Between July 2008 and June 2009, the overall number of licensing deals across all therapeutic areas fell 17% to 661 from 791 over the previous 12 months, largely owing to the economic crisis. Although the number of oncology therapeutic licensing deals has fallen in line with this trend — dropping 18% from 163 to 132 — oncology retained its position as the top therapeutic area for deal making. This reflects the anticipation that oncology will be a leading revenue growth area over the next few years; EvaluatePharma estimate a compound annual growth rate of 6% for sales of oncology therapeutics between 2008 and 2014, compared with 2% for the industry overall.

Reflecting the shortage of late-stage development candidates and the intense competition for biotechnology platforms, the last 12 months have seen a significant shift towards earlier-stage deals in oncology (see Supplementary information S1 (figure)). In comparison with the previous year, there has been an increase of over 100% in the number of deals for discovery or preclinical programmes (51 compared with 24), and a marked drop in deal numbers for late-stage products for the same time period. This has also been driven by the economic environment, which has doubled the number of biotech companies that have less than a year's cash; consequently, many are now facing the necessity of having to partner earlier than the traditional deal-making 'sweet spot' of Phase II proof-of-concept.

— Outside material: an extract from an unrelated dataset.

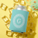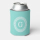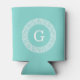 Robin Egg Wht Greek Key Rnd Frame Initial Monogram Can Cooler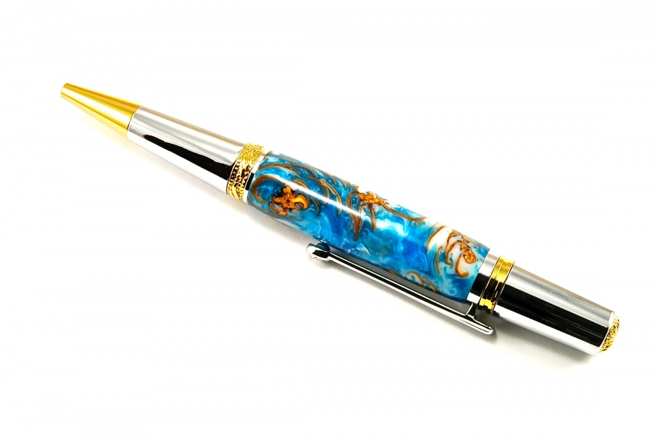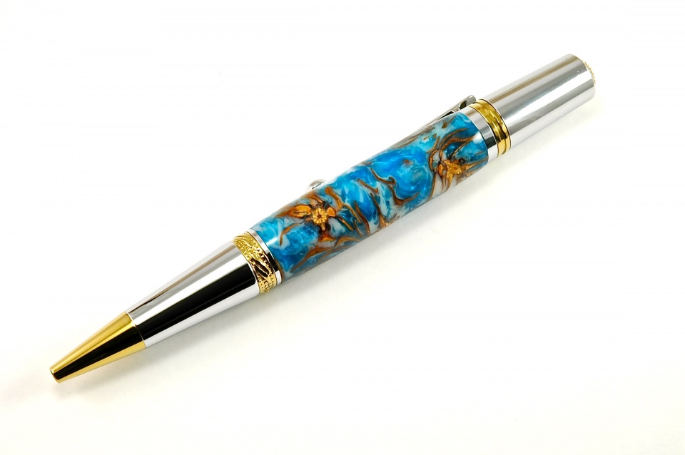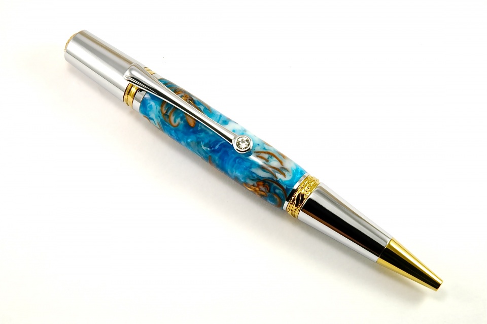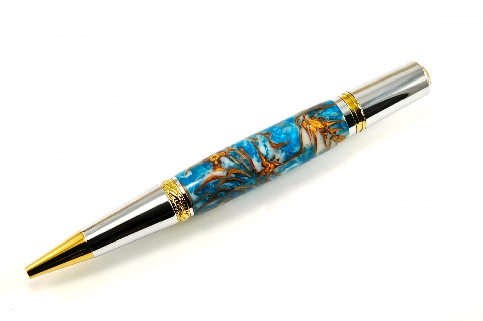 I made this over the weekend. Alumilite is just awesome. I can pop in some mini-pine cones, pour my AL, mix, split and color it, pour it into the mold, slide it in my pressure pot, wait a bit, take it out, de-mold the blank, cut it to size, drill it, glue the tube in, let it dry, throw it on the lathe and turn it and finally, apply the finish to it, all in about 2.5 hours. Ya gotta love it, especially when they come out this beautiful!

The increasing commercial interest and clinical success for high market-value biologics and targeted therapies are also reflected in recent deals. When all oncology deal types are considered, the number involving small molecules (96 in total) was notably fewer than those involving biotechnology-based products (103 in total; most of which involved monoclonal antibodies (mAbs)).

The majority of mAb-based deals are for relatively early-stage products, but have still commanded high-value deal terms (Table 1), driven by the phenomenal success of rituximab (Rituxan/MabThera; Roche/Biogen-Idec), bevacizumab (Avastin; Roche) and trastuzumab (Herceptin; Roche). According to data from EvaluatePharma, these mAbs had 2008 sales of US$5.5 billion, $4.8 billion and $4.7 billion, respectively; they are the three top-selling oncology drugs and are within the top ten of all prescription pharmaceuticals.

Table 1 Selected oncology deals from July 2008 to June 2009

Given the pressures from the impending loss of patent protection for many blockbuster small-molecule drugs, the higher hurdles for follow-on biologics are providing an additional incentive to invest in mAbs. Nevertheless, targeted small molecules — most notably, kinase inhibitors — have also been the subject of several large deals in the past year (Table 1). Looking forward, the spate of recent acquisitions related to oncology (Table 1) seems likely to continue, with companies such as Pfizer, Bristol–Myers Squibb, Eli Lilly, GlaxoSmithKline and Takeda all having stated their intention to look to the cancer market for new products to stock their pipelines.